Nineteen days after subcutaneous injection of monolayer- and 3D-cultured CT26 cells, the number of CD31-expressing cells was determined in developed tumors. As shown in Figure 4, a marked recruitment of angiogenic cells occurred at the periphery of subcutaneous tumors generated by CT26 cells derived from both in vitro growth conditions. However, only those tumors produced by 3D-cultured CT26 cells were efficiently neovascularized and had angiogenic tracts in the deepest areas of the tumor. Overall, CD31-expressing cell densities per unit area were 1.89 ± 0.56 and 0.66 ± 0.25 in tumors from 3D- and monolayer-cultured CT26 cells, respectively (n = 15 mice from 3 independent experiments having 5 mice per group; differences were statistically significant by the Student's two-tailed, unpaired t test, p < 0.01).

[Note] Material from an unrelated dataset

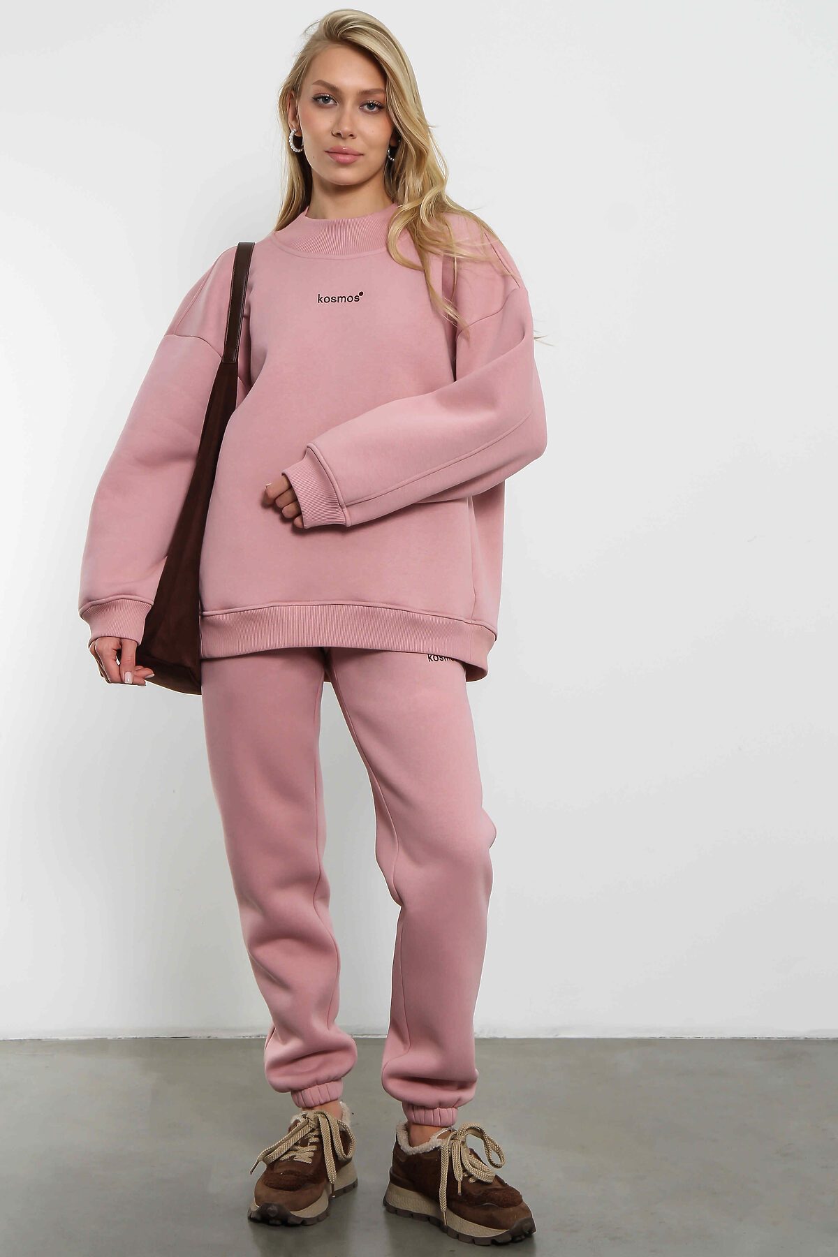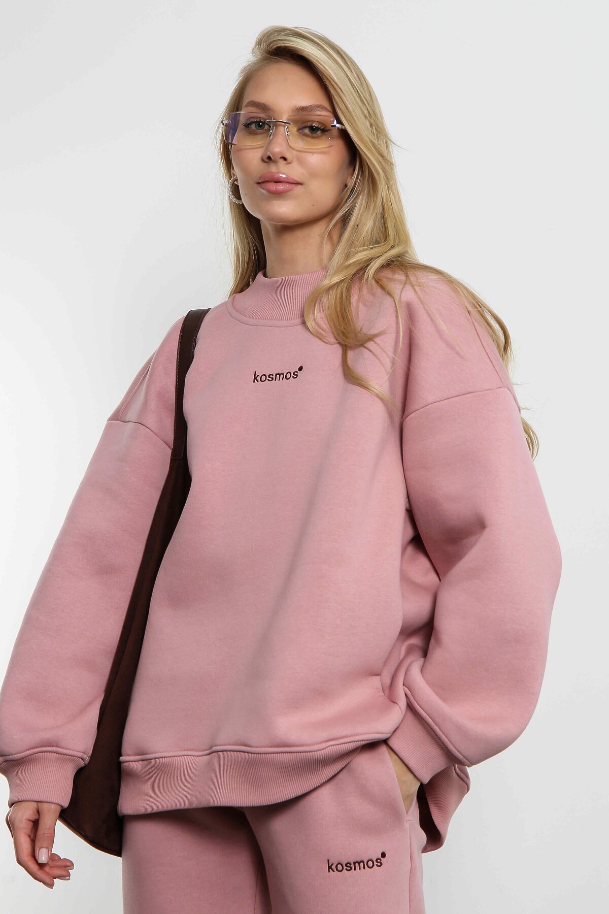 Свитшот женский оверсайз с начесом Розовая пудра KOSMOS

Intrasplenic injection of CT26 cancer cells revealed that hepatic metastasis development significantly (P < 0.01) increased in mice receiving 3D-spheroid-cultured CT26 cells, as compared to mice given monolayer-cultured CT26 cells (Figure 5A and Figure 5B). This was particularly evident when comparing the metastasis volume indices produced by well-established metastases of medium and big size. Consistent with the proangiogenic activation of spheroid-growing CT26 cancer cells, both endothelial cell (as CD31-expressing cells) and alpha-smooth muscle actin (SMA)-expressing cell numbers significantly (p < 0.01) increased in metastatic nodules produced by 3D-cultured CT26 cells as compared to those developed by monolayer-cultured CT26 cells (Figures 5C–F). As previously described3, intrametastatic SMA cells were mainly hepatic sinusoidal stellate cell-derived myofibroblasts acting as vascular coverage pericytes of neoangiogenic tumor vessels. Moreover, consistent with the metastatic volume augmentation evidenced in the livers of 3D-spheroid-cultured CT26 cell-injected mice, the average proliferating cell number per unit area of metastatic tissue also significantly increased by 35%, in 3D-spheroid-cultured CT26 cell-injected mice, as detected by immuno-histochemistry using anti-ki67 antibodies (Figures 5G–H).